A Comprehensive Guide To Money-Back Policies

The Essence of Money-Back Policies

A money-back policy, as the name suggests, is an insurance policy wherein the insured is eligible to receive a percentage of the sum assured at regular intervals, instead of a lump sum sum payout at the end of the term. Nonetheless, if the policyholder survives the policy term, they receive the balance lump sum amount. The unique selling factor in this insurance policy model is that it offers life coverage and periodic returns, providing a stream of income at regular intervals. Therefore, the policy is highly advantageous in catering to financial needs from time to time.

Why Consider a Money-Back Policy?

One primary reason you should consider a money-back policy is that it serves dual purposes - catering for life insurance and offering periodic returns. With such a policy, you can plan and meet your financial goals at different life stages without resorting to your savings or taking a loan.

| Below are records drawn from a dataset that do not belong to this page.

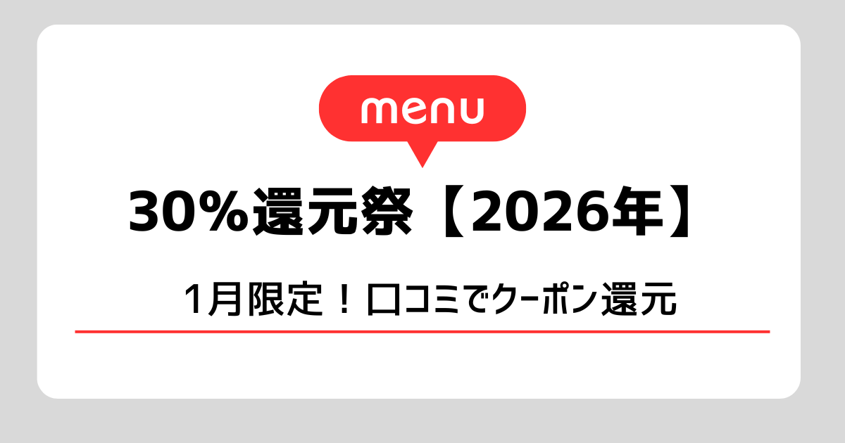 2026年1月、menu(メニュー)で期間限定の「30%還元祭」がスタートしています。条件を満たすだけで、商品代金の30%分がクーポンで戻ってくる、かなりお得なキャンペーンです。
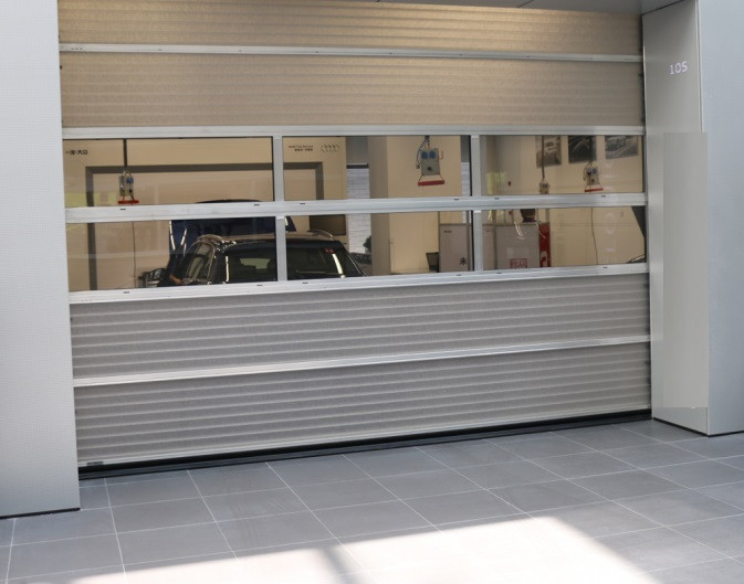 Ces portes sectionnelles à empilement motorisée allient le principe d'ouverture d'une porte à panneaux articulés aux avantages de la fibre de verre.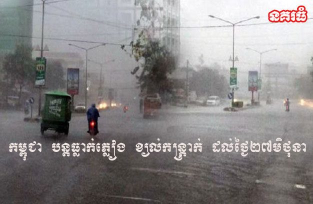 កម្ពុជា បន្តធ្លាក់ភ្លៀង ខ្យល់កន្ត្រាក់ ដល់ថ្ងៃ២៧មិថុនា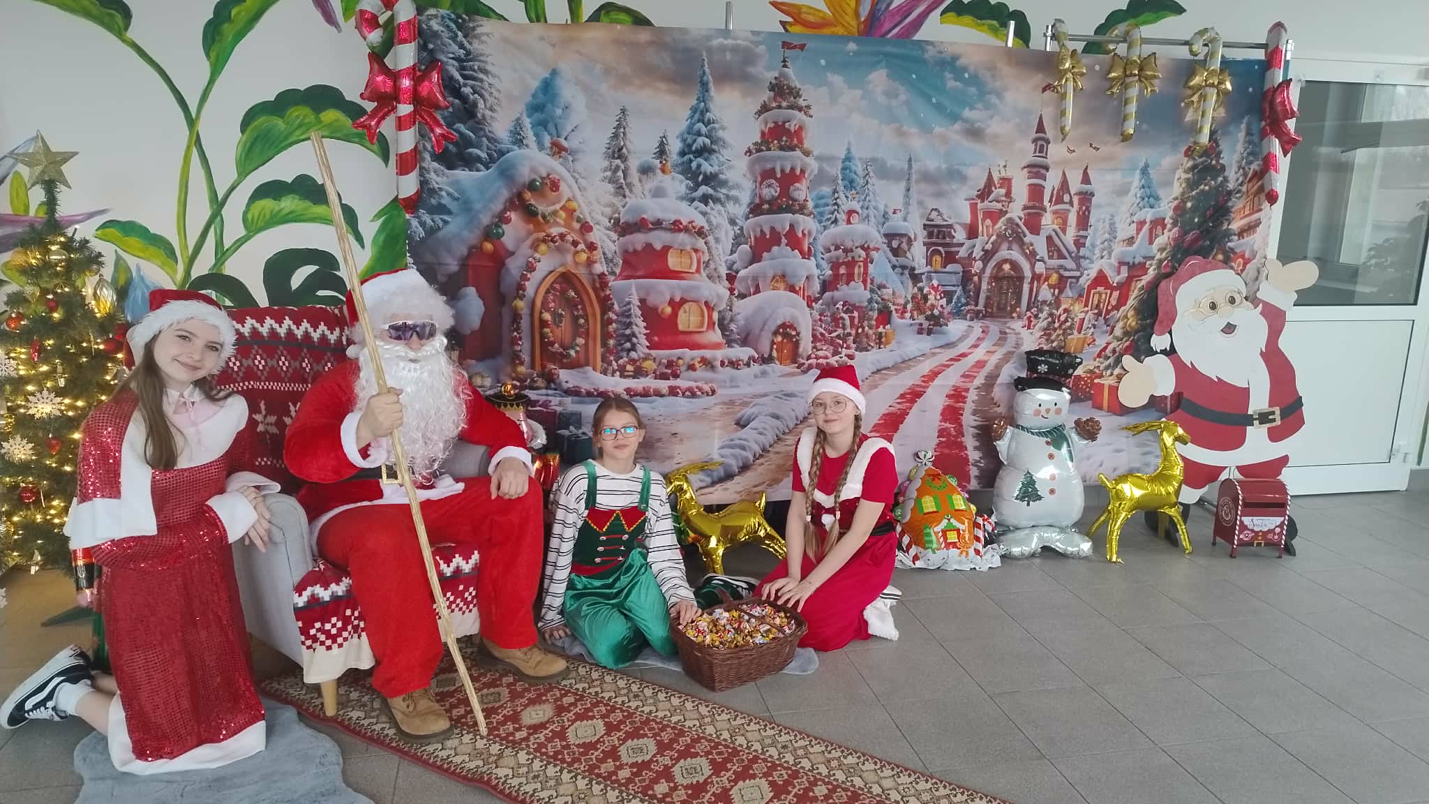 Odwiedził nas też Święty Mikołaj ze swoimi elfami i częstował wszystkie grzeczne, małe i duże dzieci cukierkami.
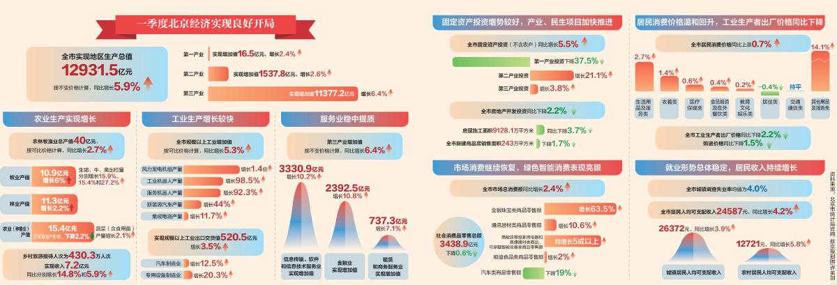 一季度,北京GDP同比增长5.9%,比上年全年提高0.5个百分点,反映出经济运行稳中向好;城镇调查失业率均值为4.0%,就业形势基本稳定;CPI同比上涨0.7%,在去年全年同比略有下降的情况下实现温和回升。新京报记者 姜慧梓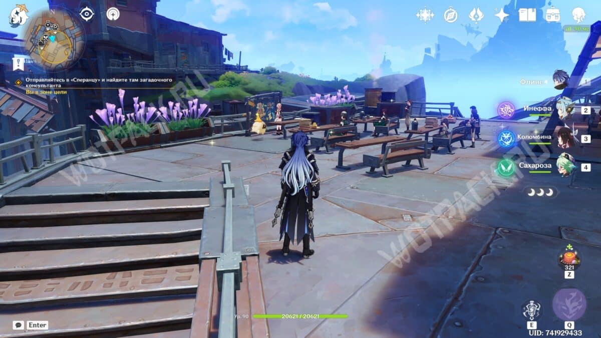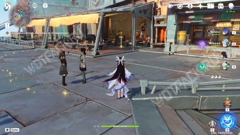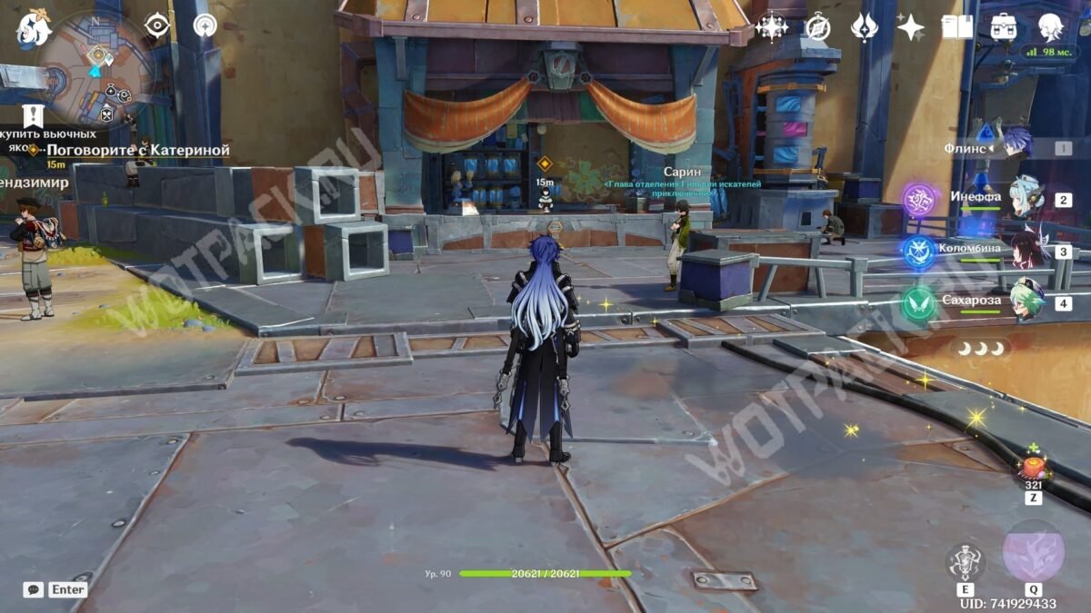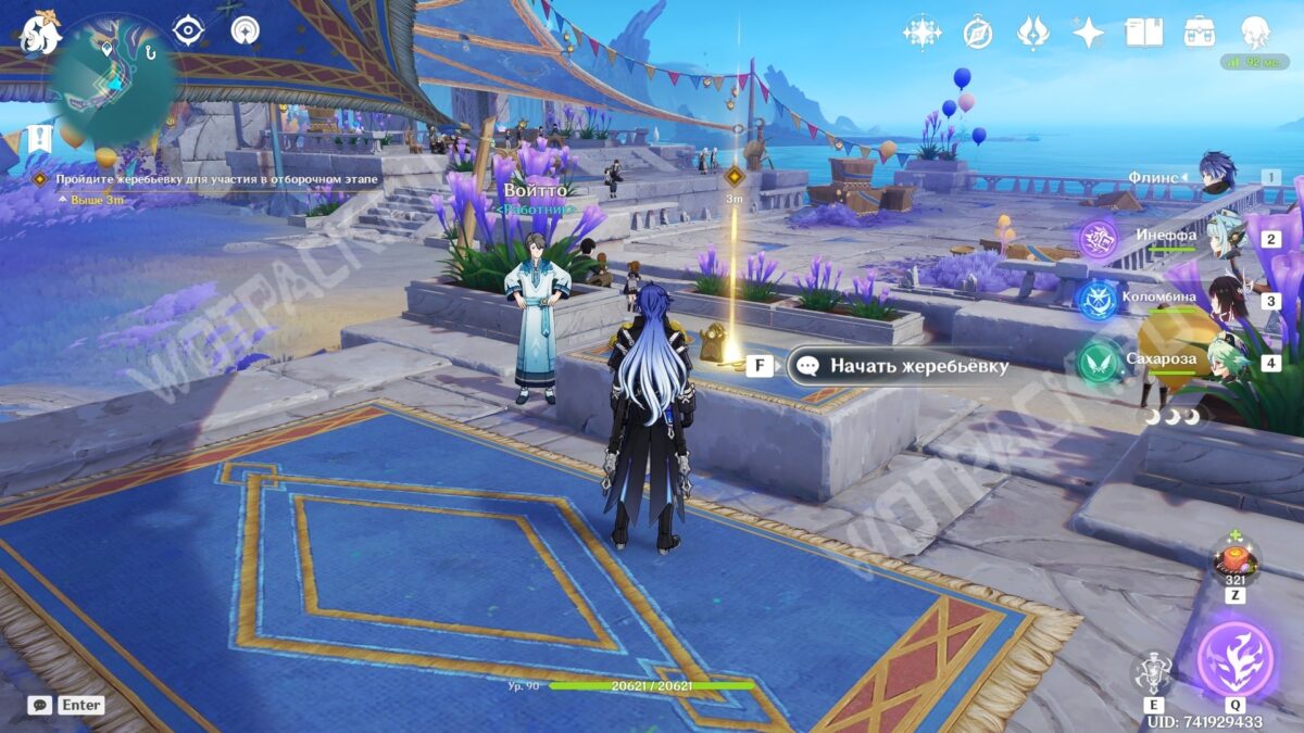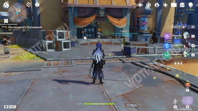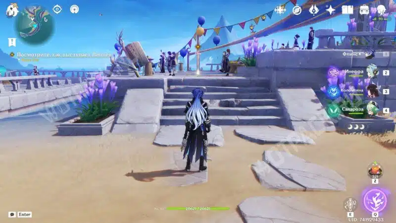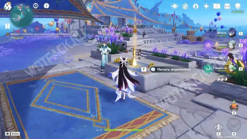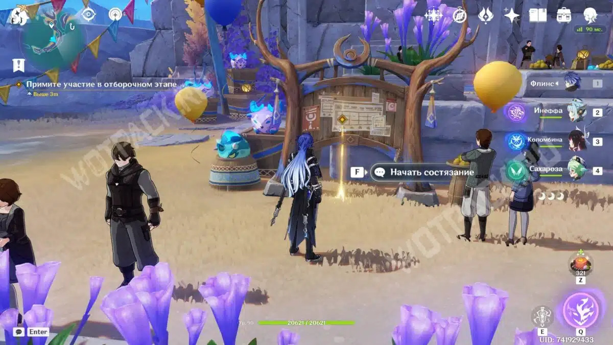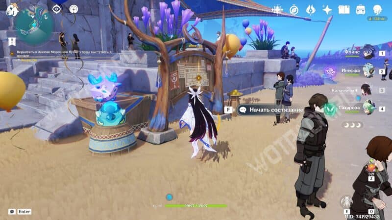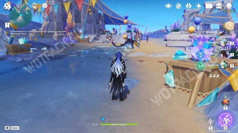 Вместе с новой знакомой отправляйтесь к месту проведения турнира в Анклаве Морозной Луны. На месте встретитесь с другими участниками состязаний — серфингисткой Муалани и королем оникабуто Итто. Поговорите с друзьями и подайте заявку на участие, обратившись к служителю Войтто.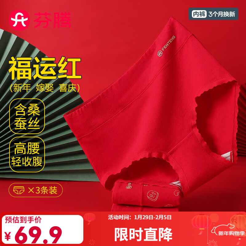 宜而爽 7A级藏红花温变抗菌中高腰女士内裤 4条装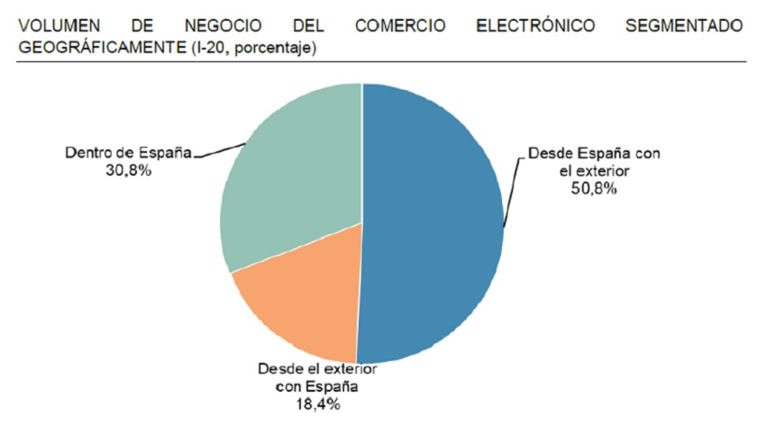 El 49,2% de los ingresos generados por el comercio electrónico durante este período se ha generado en páginas web de comercio electrónico en España, mientras que el 50,8% restante procede de compras con origen en nuestro país pero realizadas en páginas online de comercio electrónico fuera de nuestras fronteras.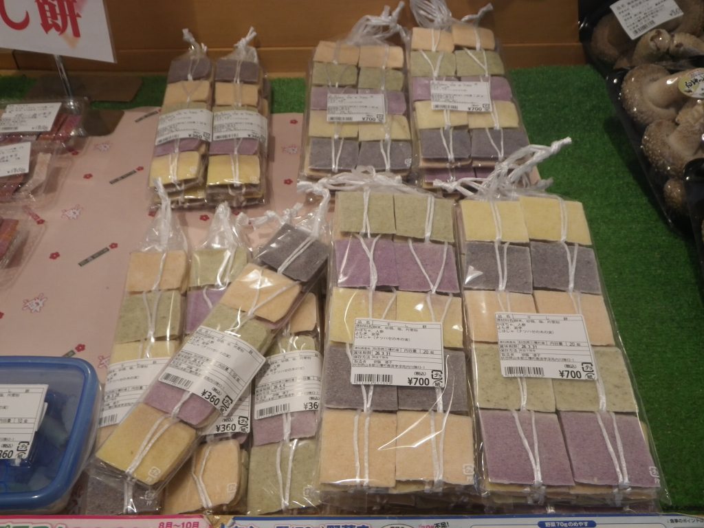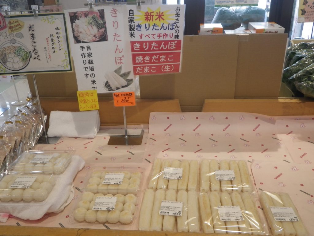 加工品では、定番のきりたんぽ・焼きだまこのほか、色鮮やかな干し餅も大好評です。人工の発色料等を使わず、地元で採れた野菜や果実などを使って色を出しています。この干し餅を揚げた「揚げ干し餅」も人気とのこと。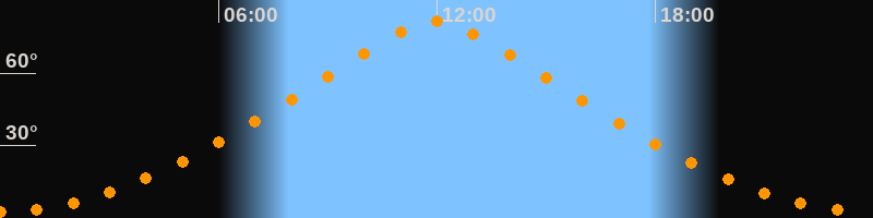 | Höchster Stand (Kulmination) | 11:57 Uhr (h = 81,3°) |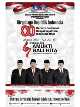BADUNG.Media Pers Indonesia – Dewan Perwakilan Rakyat Daerah (DPRD) Kabupaten Badung mengucapkan Selamat Hari Ulang Tahun ke-80 Republik Indonesia.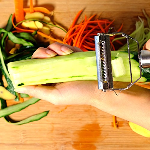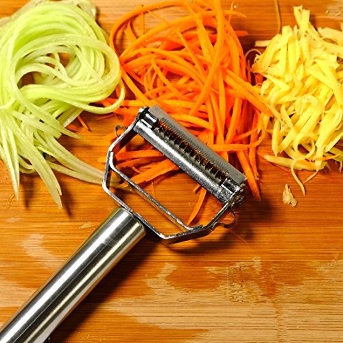 - Green Y-peeler features a julienne blade for making attractive garnish and strips from carrots or zucchini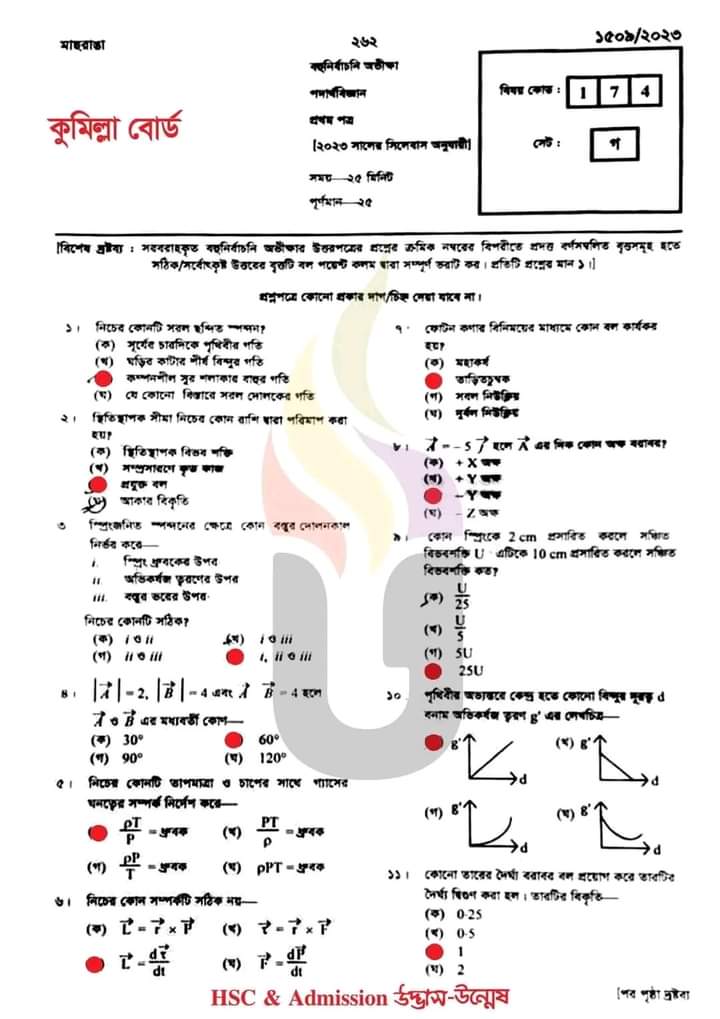 এইচএসসি কুমিল্লা বোর্ড পদার্থবিজ্ঞান ১ম পত্র বহুনির্বাচনি (MCQ) সমাধান ২০২৩ | এইচএসসি কুমিল্লা বোর্ড পদার্থবিজ্ঞান ১ম পত্র MCQ/নৈব্যক্তিক প্রশ্ন ও উত্তর ২০২৩ | HSC comilla Board Physics 1st paper MCQ Solution 2023

At the end of the policy term, you're also eligible for a lump sum amount, either as maturity benefit or bonus.

Insurance companies calculate the premiums you pay for a money-back policy based on the sum assured, policy term, and your age. The higher the sum assured and shorter the policy term, the higher the premium will be.

Features and Benefits of Money-Back Policies

Money-back policies bring forth a bouquet of features and benefits that can be tailored to suit your financial needs. Such policies offer several benefits including:

  • Survival Benefit: This is the periodic amount returned to the insured during the policy term. It comes as a reward for surviving the certain term within the policy.
  • Maturity Benefit: It's the amount paid to the insured if they survive the whole policy term. It usually consists of the balance sum assured and bonuses, if any.
  • Death Benefit: If the insured dies during the policy term, the nominee is paid death benefit – generally the full sum assured along with accrued bonuses, if any.
  • Rider Benefit: It refers to additional benefit that can be availed by paying extra premium. These may include critical illness cover, accident death, and disability benefit rider, among others.

Eligibility Criteria for Money-Back Policies

Just like other insurance policies, money-back policies also have an eligibility criterion that must be fulfilled. This may vary across different insurers, but typically includes the following:

  1. Age: The minimum entry age for most money-back policies is 18 years, while the maximum age limit can go up to 60 years or above, depending on the insurance company's rules.
  2. Policy Term: The policy term is the time period during which the policy is operational. It typically ranges from 10 to 25 years or more.
  3. Sum Assured: It's the guaranteed amount that the beneficiary would receive and usually starts from as low as $1000.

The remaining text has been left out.